- Data records -

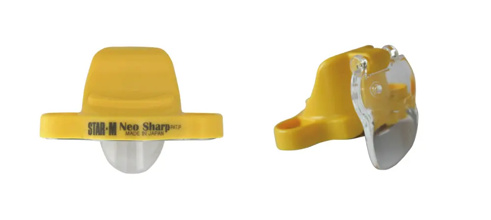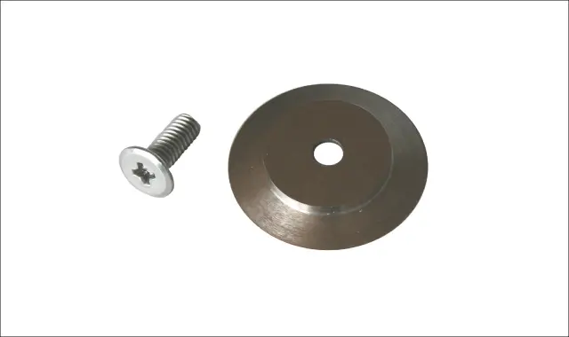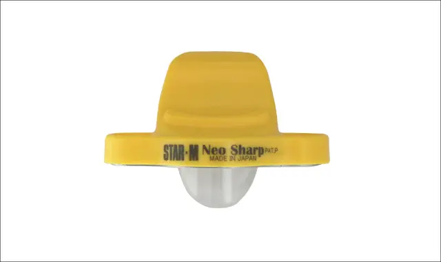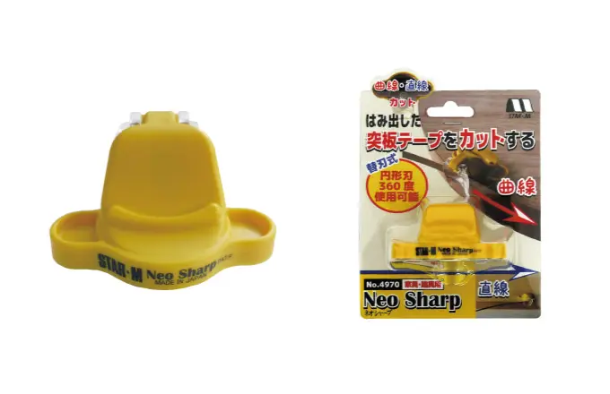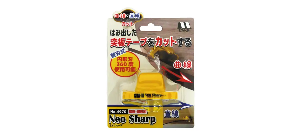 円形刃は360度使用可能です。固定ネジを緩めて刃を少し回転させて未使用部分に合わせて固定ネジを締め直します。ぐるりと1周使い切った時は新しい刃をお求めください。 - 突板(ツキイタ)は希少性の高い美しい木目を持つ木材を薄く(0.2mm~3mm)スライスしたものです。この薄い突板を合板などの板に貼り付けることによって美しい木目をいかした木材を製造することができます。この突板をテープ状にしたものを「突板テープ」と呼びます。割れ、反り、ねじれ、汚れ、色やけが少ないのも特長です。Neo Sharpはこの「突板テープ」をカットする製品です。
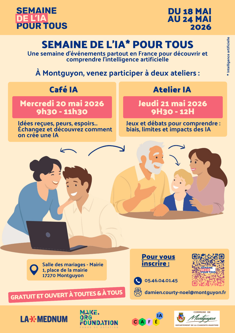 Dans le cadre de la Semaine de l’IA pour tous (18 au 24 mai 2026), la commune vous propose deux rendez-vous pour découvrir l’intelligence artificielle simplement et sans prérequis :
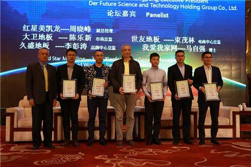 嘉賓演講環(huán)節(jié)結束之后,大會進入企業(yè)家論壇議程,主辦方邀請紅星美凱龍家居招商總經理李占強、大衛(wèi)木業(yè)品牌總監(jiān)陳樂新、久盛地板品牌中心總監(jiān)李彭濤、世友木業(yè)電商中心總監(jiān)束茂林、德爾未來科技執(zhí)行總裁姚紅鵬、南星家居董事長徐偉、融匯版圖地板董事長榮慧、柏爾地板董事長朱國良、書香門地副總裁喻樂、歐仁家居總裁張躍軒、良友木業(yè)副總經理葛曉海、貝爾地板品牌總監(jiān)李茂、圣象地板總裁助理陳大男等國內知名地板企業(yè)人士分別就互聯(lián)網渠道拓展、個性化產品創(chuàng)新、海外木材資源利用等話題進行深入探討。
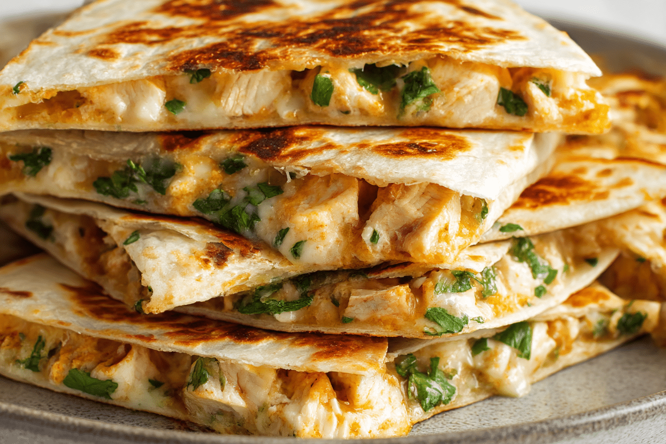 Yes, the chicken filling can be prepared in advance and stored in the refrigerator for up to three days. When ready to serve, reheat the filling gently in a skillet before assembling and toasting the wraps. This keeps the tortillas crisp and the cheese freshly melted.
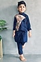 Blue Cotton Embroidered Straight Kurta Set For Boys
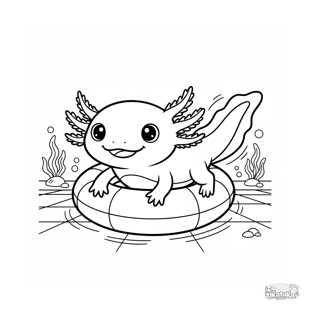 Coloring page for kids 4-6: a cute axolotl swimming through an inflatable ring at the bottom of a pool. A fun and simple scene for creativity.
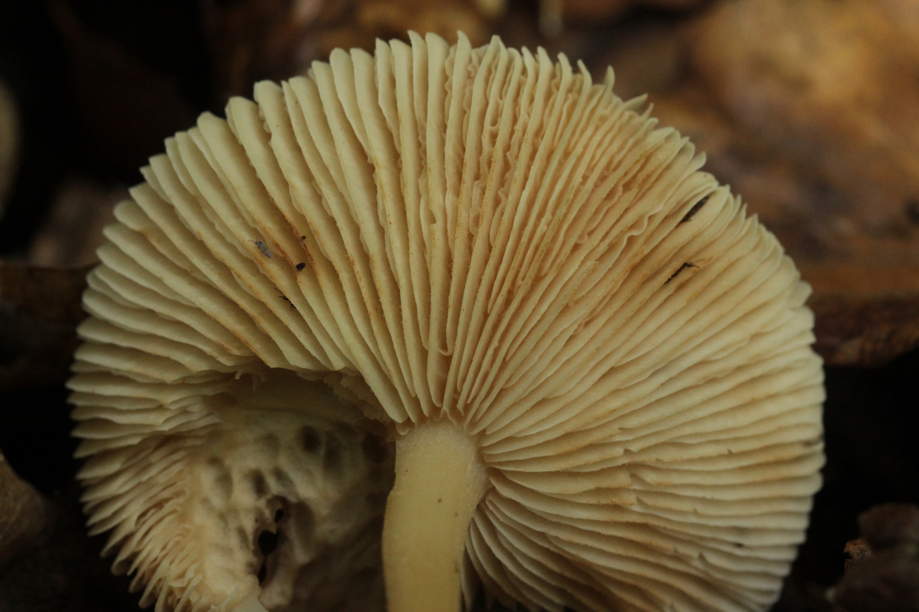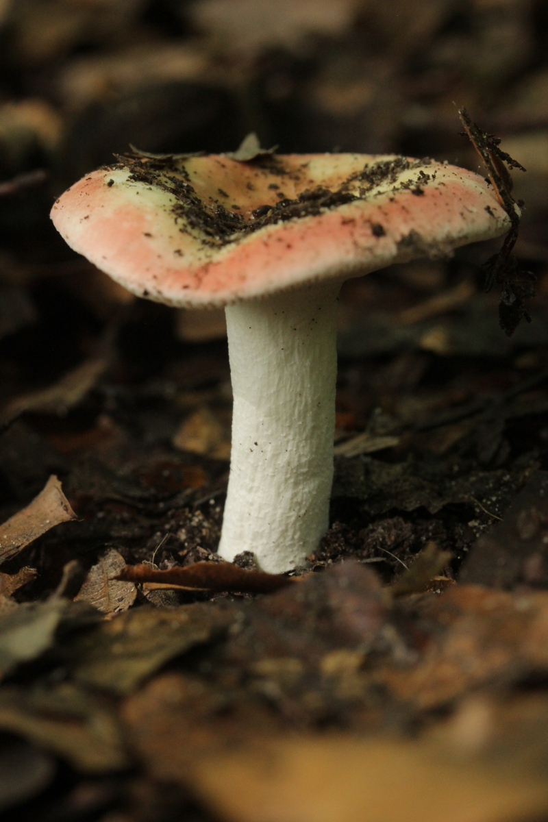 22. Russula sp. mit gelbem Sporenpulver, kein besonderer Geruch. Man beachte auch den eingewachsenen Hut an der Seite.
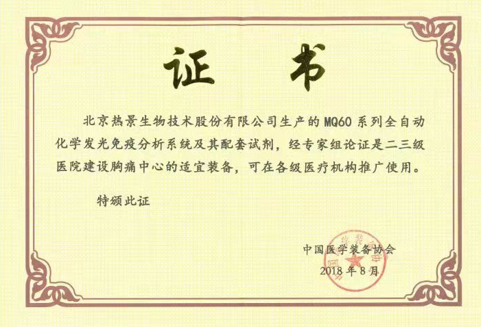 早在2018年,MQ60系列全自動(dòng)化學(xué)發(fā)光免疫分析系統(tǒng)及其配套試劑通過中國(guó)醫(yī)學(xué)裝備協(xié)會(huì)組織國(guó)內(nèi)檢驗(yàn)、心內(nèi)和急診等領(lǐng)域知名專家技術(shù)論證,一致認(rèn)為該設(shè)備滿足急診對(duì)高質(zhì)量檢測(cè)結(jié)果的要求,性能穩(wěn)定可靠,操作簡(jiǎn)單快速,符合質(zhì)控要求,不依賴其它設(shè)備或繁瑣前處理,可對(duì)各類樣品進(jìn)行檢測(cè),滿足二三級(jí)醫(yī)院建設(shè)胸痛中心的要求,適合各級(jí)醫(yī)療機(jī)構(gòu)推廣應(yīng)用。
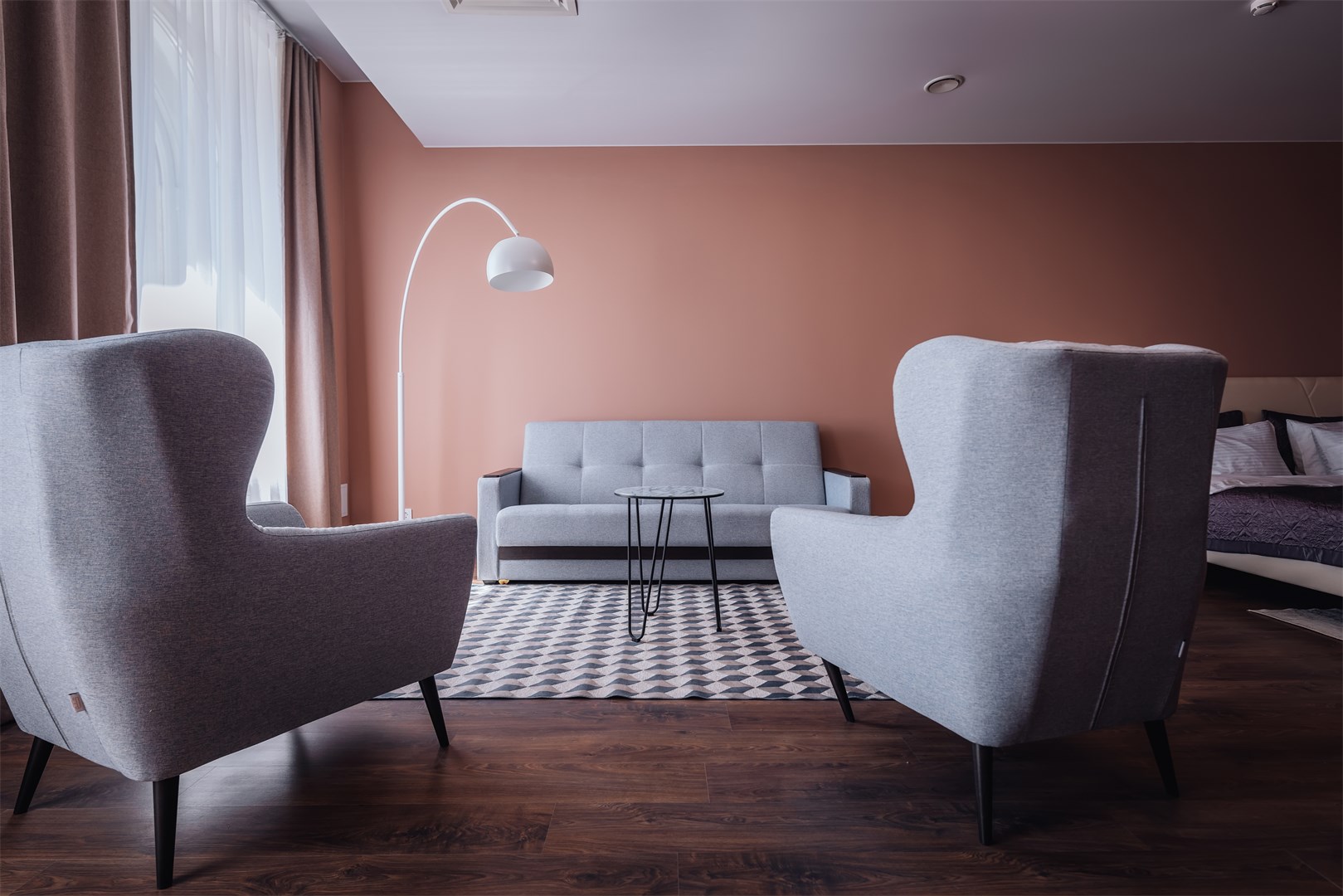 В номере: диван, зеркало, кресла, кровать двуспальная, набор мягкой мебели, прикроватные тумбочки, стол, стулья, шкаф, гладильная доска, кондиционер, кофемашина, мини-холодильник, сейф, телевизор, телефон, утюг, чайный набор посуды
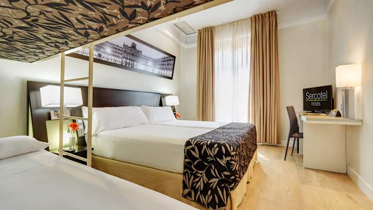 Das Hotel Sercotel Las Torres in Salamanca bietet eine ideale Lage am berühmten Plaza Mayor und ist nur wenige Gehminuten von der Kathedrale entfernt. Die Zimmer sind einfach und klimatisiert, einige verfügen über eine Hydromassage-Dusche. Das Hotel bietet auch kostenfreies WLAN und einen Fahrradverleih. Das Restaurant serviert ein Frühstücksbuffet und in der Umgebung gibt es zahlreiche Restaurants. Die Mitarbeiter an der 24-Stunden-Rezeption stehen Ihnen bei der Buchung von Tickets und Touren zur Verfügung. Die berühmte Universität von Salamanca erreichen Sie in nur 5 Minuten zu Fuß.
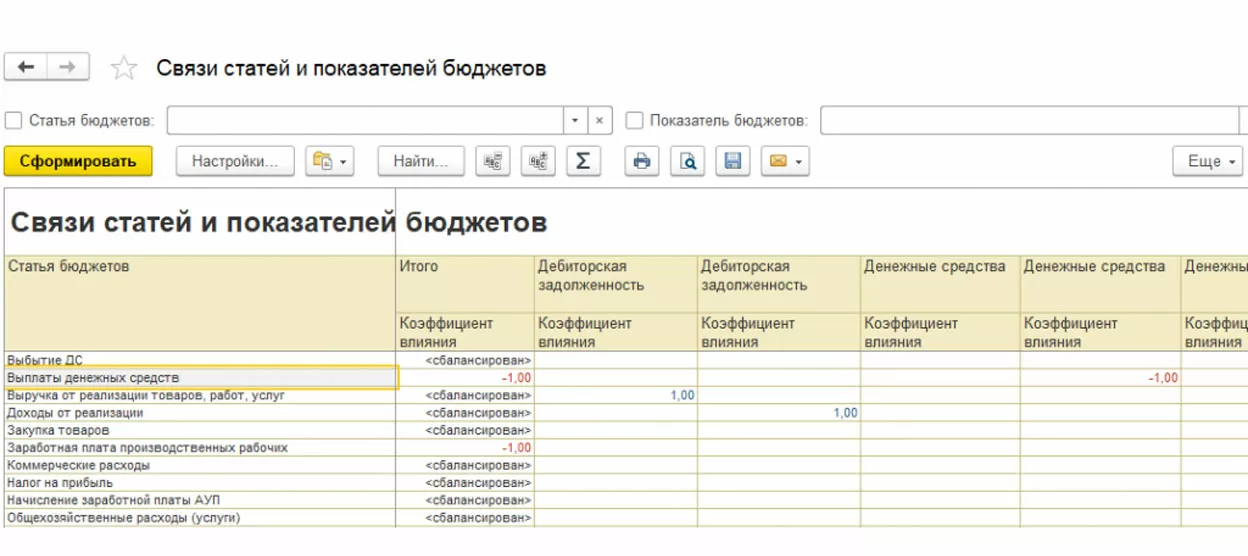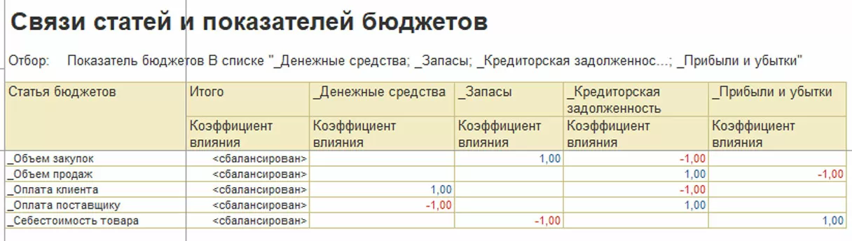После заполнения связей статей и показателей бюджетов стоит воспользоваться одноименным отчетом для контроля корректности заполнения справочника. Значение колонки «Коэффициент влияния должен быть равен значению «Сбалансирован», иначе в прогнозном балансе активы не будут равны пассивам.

- Work to be completed -
When pictures appear in the records above, leave them out and reproduce exactly each line from the first through the line containing "嘉賓演講環(huán)節(j", both included.

- Completed exercise -
 円形刃は360度使用可能です。固定ネジを緩めて刃を少し回転させて未使用部分に合わせて固定ネジを締め直します。ぐるりと1周使い切った時は新しい刃をお求めください。 - 突板(ツキイタ)は希少性の高い美しい木目を持つ木材を薄く(0.2mm~3mm)スライスしたものです。この薄い突板を合板などの板に貼り付けることによって美しい木目をいかした木材を製造することができます。この突板をテープ状にしたものを「突板テープ」と呼びます。割れ、反り、ねじれ、汚れ、色やけが少ないのも特長です。Neo Sharpはこの「突板テープ」をカットする製品です。
 Dans le cadre de la Semaine de l’IA pour tous (18 au 24 mai 2026), la commune vous propose deux rendez-vous pour découvrir l’intelligence artificielle simplement et sans prérequis :
 嘉賓演講環(huán)節(jié)結束之后,大會進入企業(yè)家論壇議程,主辦方邀請紅星美凱龍家居招商總經理李占強、大衛(wèi)木業(yè)品牌總監(jiān)陳樂新、久盛地板品牌中心總監(jiān)李彭濤、世友木業(yè)電商中心總監(jiān)束茂林、德爾未來科技執(zhí)行總裁姚紅鵬、南星家居董事長徐偉、融匯版圖地板董事長榮慧、柏爾地板董事長朱國良、書香門地副總裁喻樂、歐仁家居總裁張躍軒、良友木業(yè)副總經理葛曉海、貝爾地板品牌總監(jiān)李茂、圣象地板總裁助理陳大男等國內知名地板企業(yè)人士分別就互聯(lián)網渠道拓展、個性化產品創(chuàng)新、海外木材資源利用等話題進行深入探討。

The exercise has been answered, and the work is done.